Friday, June 13, 2008

Overheard: the blind leading the blind

Riley to Tanner after he took a toy away from her:

"No! Tanner, you have to be nice! Jesus says for you to be nice. So give that back or Jesus is gonna zap you." (hmmm... maybe our FHE lesson on Justice and Mercy was a bit too heavy?)

Bailey, hugging me tight as I put her to bed:

"Oh, Mommy! I love you so much too much! (squeeze.) Now go away."

Tanner to me this morning:

"Mom! Your boys are back! You can talk again! The frog went out of your froat and now your boys are back!" (I think he truly envisions my "boys"- ie, voice- battling that mean old frog out of my throat?)

Tanner to Bailey after she grabs his swim trunks to wear:

"No, Bailey! Jesus sent you to earth to be a girl! You can't change your mind!" (this ironic from our boy who was wearing a tutu last week.)

Sydney approaches Grandma during their visit in May after Grandpa was teasing her

"Gwamma- Gwampa said "Pee Pee Spider" to me! Make him stop that out!" (for the record, he said "creepy creepy spider" and she wanted him to cut it out. Grandma is the authority on making Grandpa stop things out.)


Julie Konchar said...

Thank you for providing more manna from heaven--aka--things that come out of the mouthes of your kids! Just do one of these posts a week, with pictures, and I will be a happy camper.

Julie Konchar said...

Don't post this comment--
You are hilarious. I was wondering who would post anonymously on my blog...
I would love to come make you green smoothies!
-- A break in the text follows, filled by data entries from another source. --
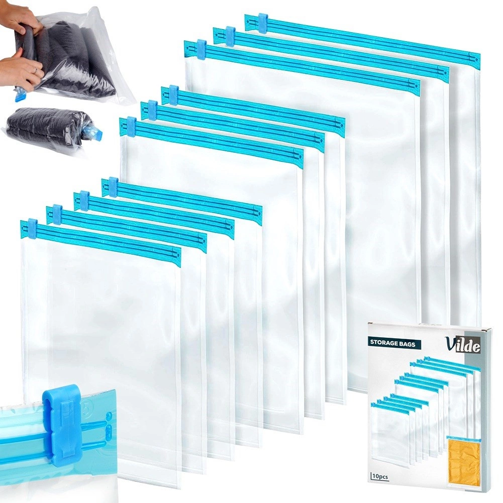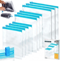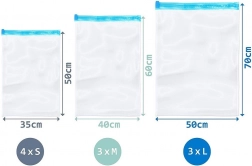 Sada obsahuje 10 odolných kompresních pytlů se spolehlivým jezdcovým zipem pro opakované použití. Díky třem velikostem snadno uskladníte trička, svetry, bundy i doplňky, a to jak v kufru na cesty, tak ve skříni doma. Transparentní materiál umožňuje rychlou kontrolu obsahu bez otevírání.
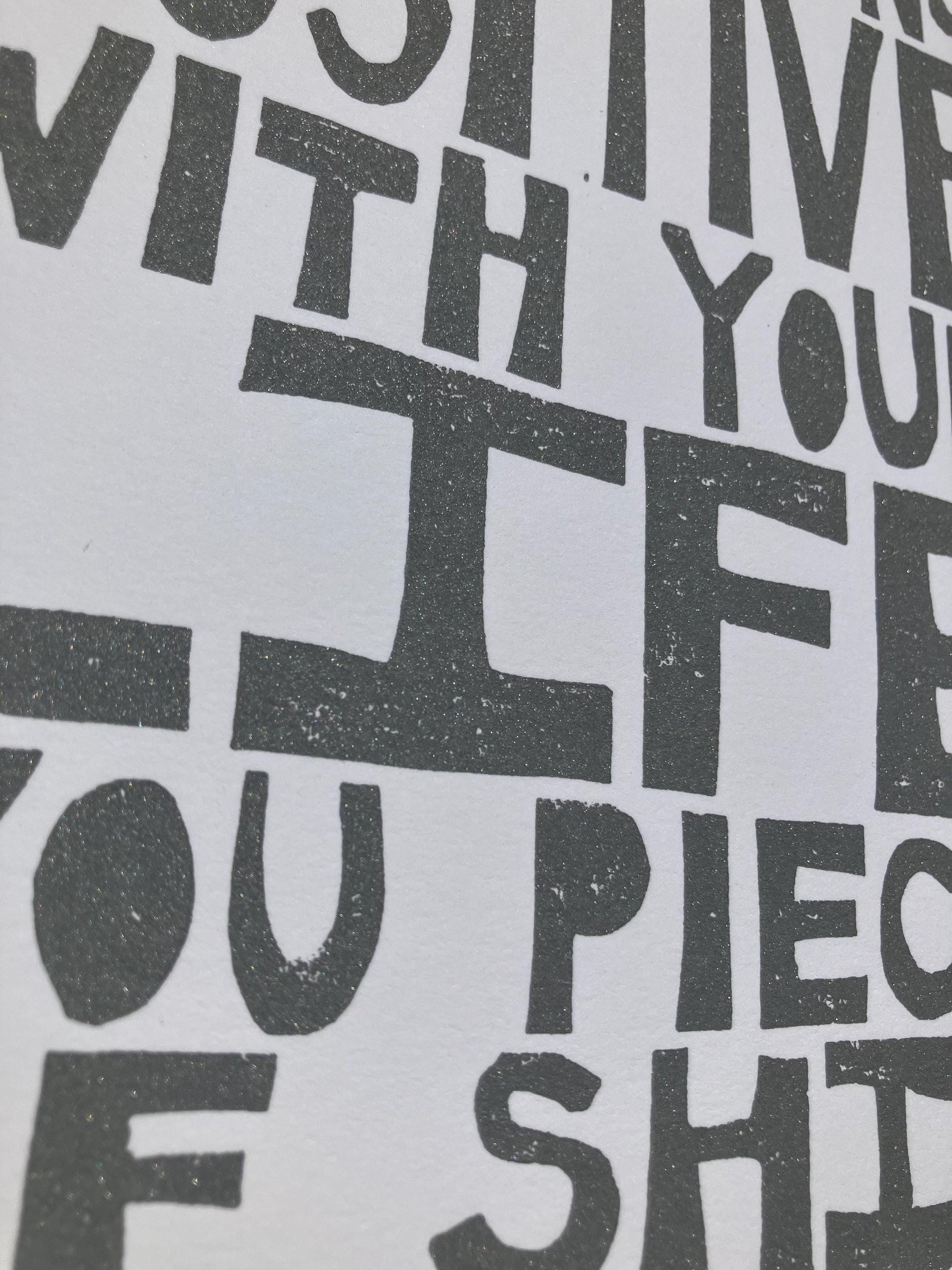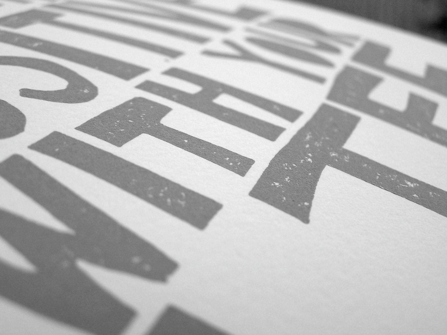This original, hand-pulled typography linocut print was pressed in grey on beautiful cotton paper. The linoleum block is carved by hand, inked, then each piece is printed individually. Due to the printing process, there will be variations from print to print. All materials are permanent and archival.
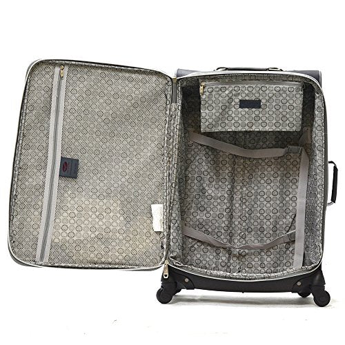 Details: Constructed of Rugged 840 D. 3-tone Jacquard Poly. 360° spin-wheel system allows sideway rolling capabilities for easy aisle access. 360° spin-wheel system allows free movement in all directions. Push button retractable handle. Expanding feature that adds 20% more packing capacity. Interior top hanging zipper pocket & dual buckle tie-belt. Extra zipper mesh pocket for more convenience. Multi front zipper pockets for extra packing capacity. Water bottle pocket on Carry-on. Elegantly imprinted full interior lining. Super lightweight construction. EVA foamed front panel. Dimensions: 22" H x 14" W x (8"+2") D
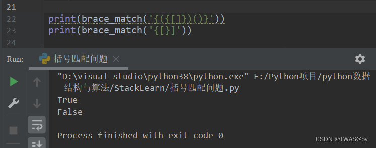 def brace_match(s):match = {'}': "{", "]": "[", ")": "("}stack = Stack()for ch in s:if ch in {"(", "{", "["}:stack.push(ch)else:if stack.is_empty():return Falseelif stack.get_top() == match[ch]:stack.pop()else:return Falseif stack.is_empty():return Trueelse:return False
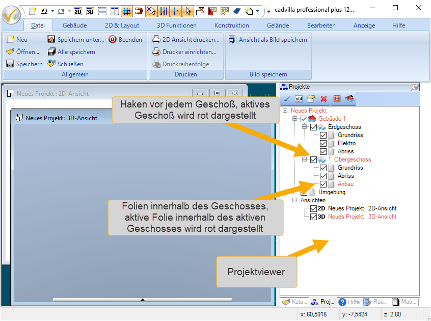 - Aktivieren Sie die ganz oben genannte, neu erstellte 2D Ansicht (Rechtsklick auf neu erstellte 2D Ansicht → als aktuelles Element setzen). Dabei handelt es sich um eine 2D Ansicht, bei der alle Geschosse und Folien aktiviert sind.
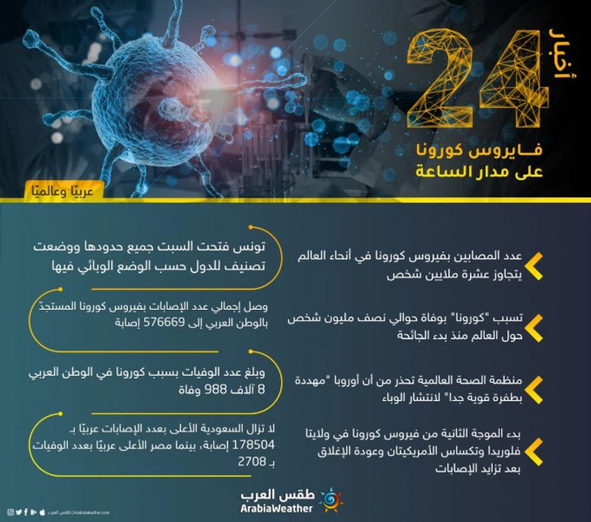طقس العرب- لا يزال العالم يكافح انتشار وباء كورونا حول العالم منذ ظهوره أواخر عام 2019، ولاتزال تطورات المرض تشغل العالم بشكل عام والعالم العربي بشكل خاص.

But of course in the interest of fairness, I would also have to make you cookies too. The shakes are awesome. I don't think I'll ever eat fruit again, that hasn't first been pureed into baby food. Today's shake had an apple, plum, baby carrots, blackberries, banana, blueberries and spinach. So much for a rainbow. But do I feel fruitishly superior! (hint: I do)
And you know it was my trip to your house that inshpired all my attempts at taking an interest in housekeeping! Oh bomblike one!

Konchar Family said...

Oh and I forgot, what the heckie is a Magic Bullet? Sounds like a monster enima, but if it were, why would you be so excited about it? Do I need a Magic Bullet? Please advise.

Julie Konchar said...

I love it! Kelly B! Brings me right back to first grade. So I will definitely check out the Magic Bullet. And you posted my "don't post this comment"!
I can see how this is going to go.
I want to go camping just us and our kids. No husbands. Because I really don't like camping and I don't think you do either, so how much fun would that be? Plus, I would then be able to feed my children bona fide crap and not feel bad about it cause, you know, camping! We would probably laugh so hard we would hurt ourselves and then poor Carter would have to take over (his not-so-secret wish, I'm sure) and Taylor could be Julie the cruise director from Love Boat (but let's leave out the cocaine habit, shall we?) and our younger children could just meander around the site, covered in camp filth. It would be a dream come true...

Julie Konchar said...

Oh, and I keep forgetting to mention this, but I figured out who Riley reminds me of: Denise Richards. Looks just like her. But of course the similarities end there. I mean, you don't dress your daughter like a skank, so that is where the comparisons end. But I think everybody needs a Hollywood doppleganger. And Bailey's is NOT Bob Newhart!